Ten Canadian conservation groups say it's time for Environment and Climate Change Minister Catherine McKenna to use her existing powers to assess "many environmentally harmful" industrial projects before they come up for federal approval.

The groups sent the message in a five-page letter, obtained by National Observer, that challenges the government's position that it is moving as fast as it can to fix flaws in Canada's environmental laws. The letter provides a glimpse into some of the diplomatic lobbying from prominent environmental groups challenging the government's green agenda at a time when most have publicly backed federal Liberal policies.

While the letter praised the government for launching a major review of Canada's environmental laws, it said the initiative hasn't gone far enough to tackle the threat of climate change. Under existing legislation, McKenna has the power to act immediately by requiring screenings for different categories of projects, including those that might result in high levels of heat-trapping carbon pollution. The letter's signatories said that many of these projects are slipping through the cracks without a federal review, despite a series of interim changes brought in by the Liberal government as a temporary fix.

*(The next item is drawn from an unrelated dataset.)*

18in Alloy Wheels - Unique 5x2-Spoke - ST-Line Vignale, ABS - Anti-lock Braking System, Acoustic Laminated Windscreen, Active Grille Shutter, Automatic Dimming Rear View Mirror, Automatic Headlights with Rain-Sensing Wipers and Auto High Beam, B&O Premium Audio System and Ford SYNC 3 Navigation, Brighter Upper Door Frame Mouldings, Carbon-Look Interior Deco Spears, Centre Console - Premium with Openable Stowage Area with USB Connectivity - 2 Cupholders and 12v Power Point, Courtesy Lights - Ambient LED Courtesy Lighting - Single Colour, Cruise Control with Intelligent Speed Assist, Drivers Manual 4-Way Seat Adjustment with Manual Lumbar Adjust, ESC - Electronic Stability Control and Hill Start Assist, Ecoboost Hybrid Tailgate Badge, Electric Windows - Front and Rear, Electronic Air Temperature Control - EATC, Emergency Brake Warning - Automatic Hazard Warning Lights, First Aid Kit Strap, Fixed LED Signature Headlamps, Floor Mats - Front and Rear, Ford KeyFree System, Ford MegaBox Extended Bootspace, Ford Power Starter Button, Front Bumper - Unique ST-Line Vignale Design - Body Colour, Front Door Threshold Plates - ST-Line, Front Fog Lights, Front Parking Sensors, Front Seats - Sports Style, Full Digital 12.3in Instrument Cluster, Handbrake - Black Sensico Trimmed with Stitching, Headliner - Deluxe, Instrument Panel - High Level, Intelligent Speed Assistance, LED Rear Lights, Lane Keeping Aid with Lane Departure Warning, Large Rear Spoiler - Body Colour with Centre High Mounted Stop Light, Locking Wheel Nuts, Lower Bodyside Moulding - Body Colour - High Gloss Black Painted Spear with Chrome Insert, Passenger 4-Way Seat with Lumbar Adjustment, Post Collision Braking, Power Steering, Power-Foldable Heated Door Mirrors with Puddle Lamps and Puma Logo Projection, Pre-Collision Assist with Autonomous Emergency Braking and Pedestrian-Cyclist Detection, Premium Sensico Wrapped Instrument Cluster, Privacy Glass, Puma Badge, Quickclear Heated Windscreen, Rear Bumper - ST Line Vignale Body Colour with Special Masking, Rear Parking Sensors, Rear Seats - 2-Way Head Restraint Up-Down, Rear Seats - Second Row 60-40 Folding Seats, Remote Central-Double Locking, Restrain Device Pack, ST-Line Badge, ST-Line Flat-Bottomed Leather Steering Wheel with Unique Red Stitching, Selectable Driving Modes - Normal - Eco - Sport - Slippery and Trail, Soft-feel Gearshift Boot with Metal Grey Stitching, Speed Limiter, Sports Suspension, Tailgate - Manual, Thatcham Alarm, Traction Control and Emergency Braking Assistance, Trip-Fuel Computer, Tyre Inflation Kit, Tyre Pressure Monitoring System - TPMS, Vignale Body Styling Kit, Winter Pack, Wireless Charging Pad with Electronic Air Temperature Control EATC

"Unfortunately, many environmentally harmful projects falling under federal authority will receive no environmental assessment at all during the public review and legislation development period — which could take several years," said the letter, dated Aug. 30, 2016. "Other environmentally harmful projects subject to (existing legislation) may receive inadequate review due to the weaknesses of the current law."

Harper overhauled environmental reviews after industry lobbying

The federal government used to screen thousands of industrial projects every year to determine whether they might be environmentally harmful, but that changed after oil and gas industry lobbyists pressured former prime minister Stephen Harper's government to overhaul the system.

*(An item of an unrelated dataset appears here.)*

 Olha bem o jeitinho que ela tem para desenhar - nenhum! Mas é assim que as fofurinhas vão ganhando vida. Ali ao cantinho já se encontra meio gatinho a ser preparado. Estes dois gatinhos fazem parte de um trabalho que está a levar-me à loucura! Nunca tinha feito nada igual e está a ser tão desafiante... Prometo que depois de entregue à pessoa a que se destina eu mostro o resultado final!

One internal federal analysis at the time noted how some industry lobbyists saw a controversy brewing over the Northern Gateway oilsands pipeline project, proposed by Enbridge Inc. as an "opportunity" to push the "need for regulatory reform."

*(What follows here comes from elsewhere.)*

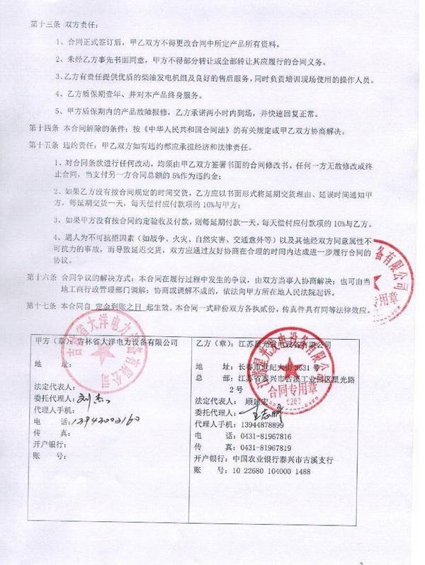 中國農(nóng)業(yè)發(fā)展銀行吉林省分行柴油發(fā)電機(jī)組安裝合同

Much of the industry wish list became part of a massive piece of legislation more than 400 pages long, that rewrote most of Canada's conservation laws, including the Canadian Environmental Assessment Act. Behind closed doors, the Harper government was saying that getting new oil and gas pipelines built was "top of mind" in the changes adopted in 2012.

Things didn't work out as planned and several major pipelines were stalled by mounting opposition from Indigenous communities, local mayors and landowners who accused the government of rigging the system to favour big oil companies.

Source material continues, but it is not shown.